[Gluster-users] Newbie: Exploring Gluster for large-scale deployment in AWS, large media files, high performance I/O

Tue Jul 14 18:49:59 UTC 2015

I'm exploring solutions to help us achieve high throughput and 
scalability within the AWS environment.   Specifically, I work in a 
department where we handle and produce video content that results in 
very large files (30GB etc) that must be written to NFS, chopped up and 
copied over on the same mount (there are some odd limits to the code we 
use, but that's outside the scope of this question).

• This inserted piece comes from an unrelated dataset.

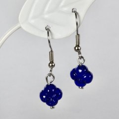 濃い瑠璃色が美しい、高品質なラピスラズリが採れるアフガニスタン産を使用しております。間に入れた金のボールと金具はK18。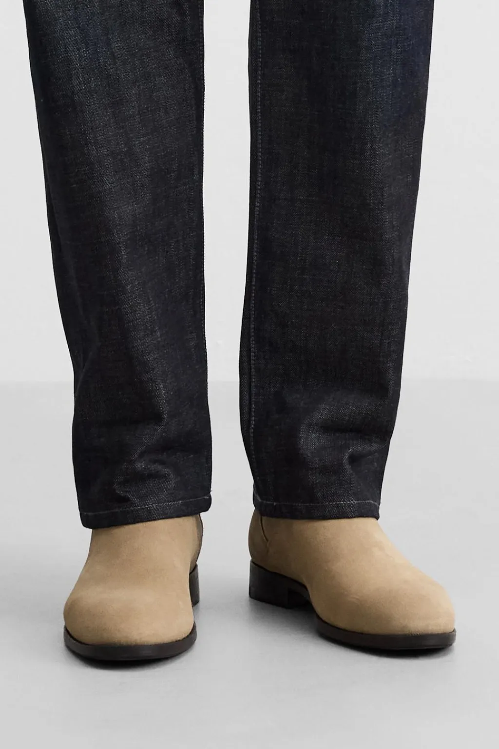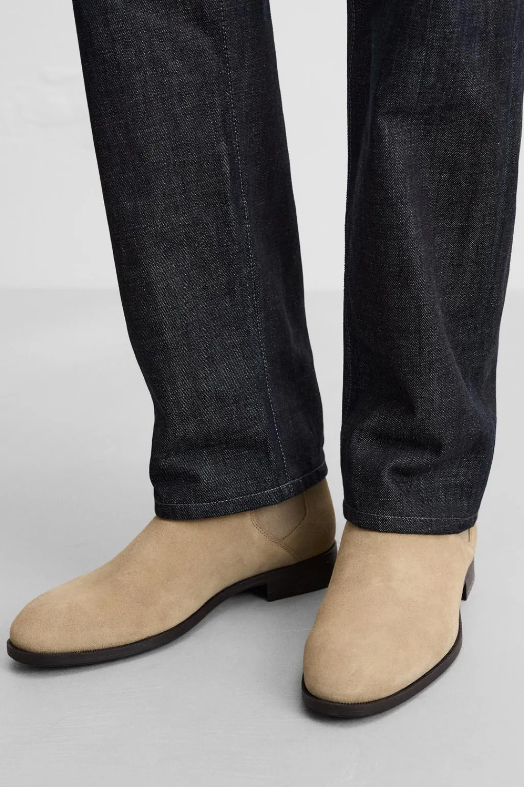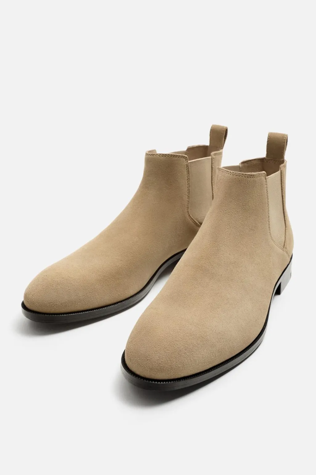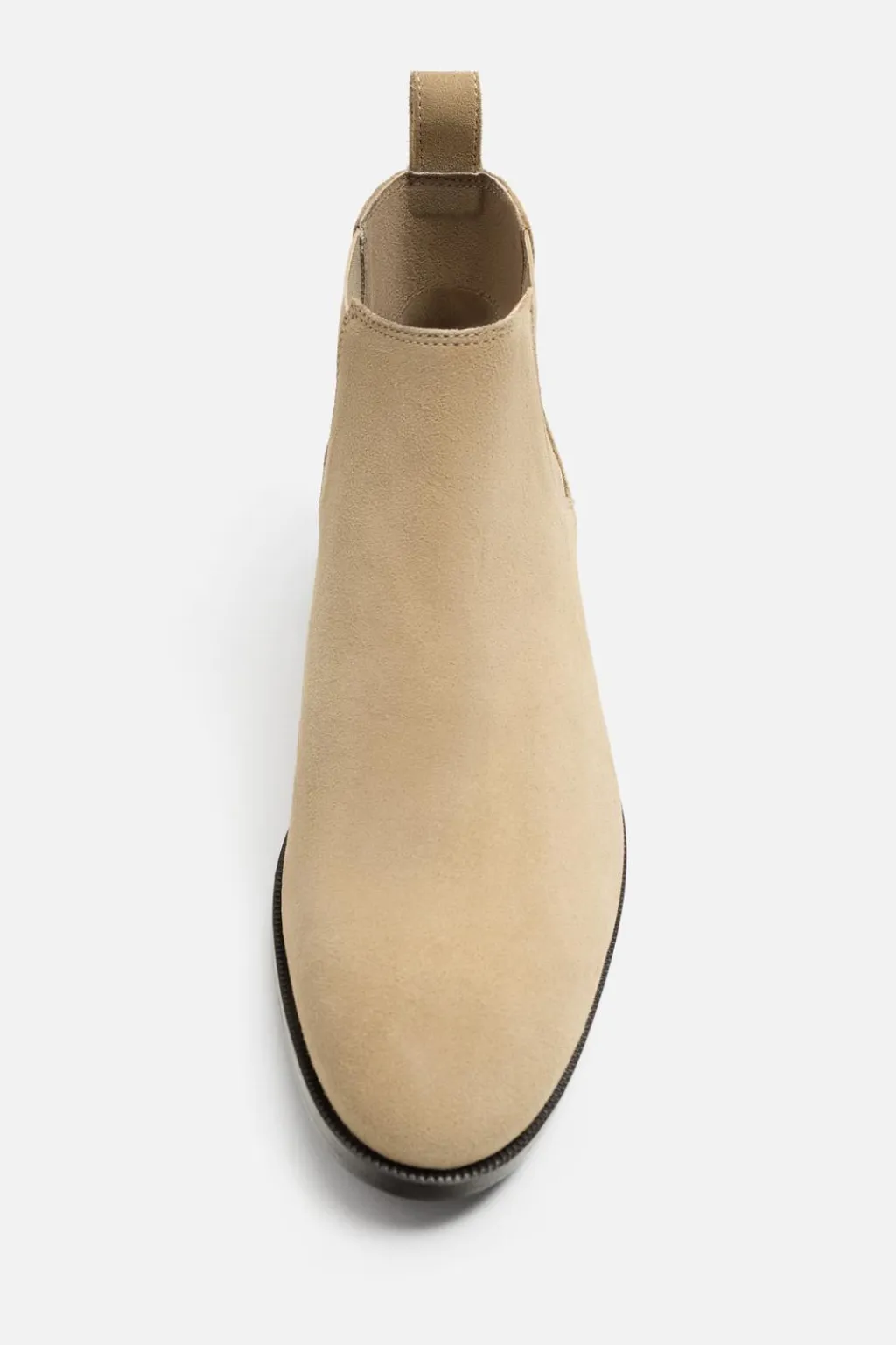 Bota estilo chelsea de caña baja. Parte superior fabricada en piel con acabado serraje. Cuenta con dos piezas elásticas laterales y tirador trasero para facilitar el calce. Horma en punta.

Currently, we're using a commercial vendor with AWS, with dedicated 
Direct Connect instances as the back end to our production.   We're 
maxing out at 350 to 380 MB/s which is not enough.  We expect our 
capacity will double or even triple when we bring on more classes or 
even other entities and we need to find a way to squeeze out as much I/O 
as we can.

Our software model depends on NFS, there's no way around that presently.

Since GlusterFS uses FUSE, I'm concerned about performance, which is a 
key issue.   Sounds like a STRIPE would be appropriate.

My basic understanding of Gluster is the ability to include several 
"bricks" which could be multiples of either dedicated EBS volumes or 
even multiple instances of the above commercial vendor, served up via 
NFS namespace, which would be transparently a single namespace to client 
connections.   The I/O could be distributed in this manner.

I wonder if someone here with more experience with the above might 
elaborate on whether GlusterFS could be used in the above scenario. 
Specifically, performance I/O.  We'd really like to gain upwards as much 
as possible, like 700 Mb/s and 1 GB/s and up if possible.

Thanks in advance.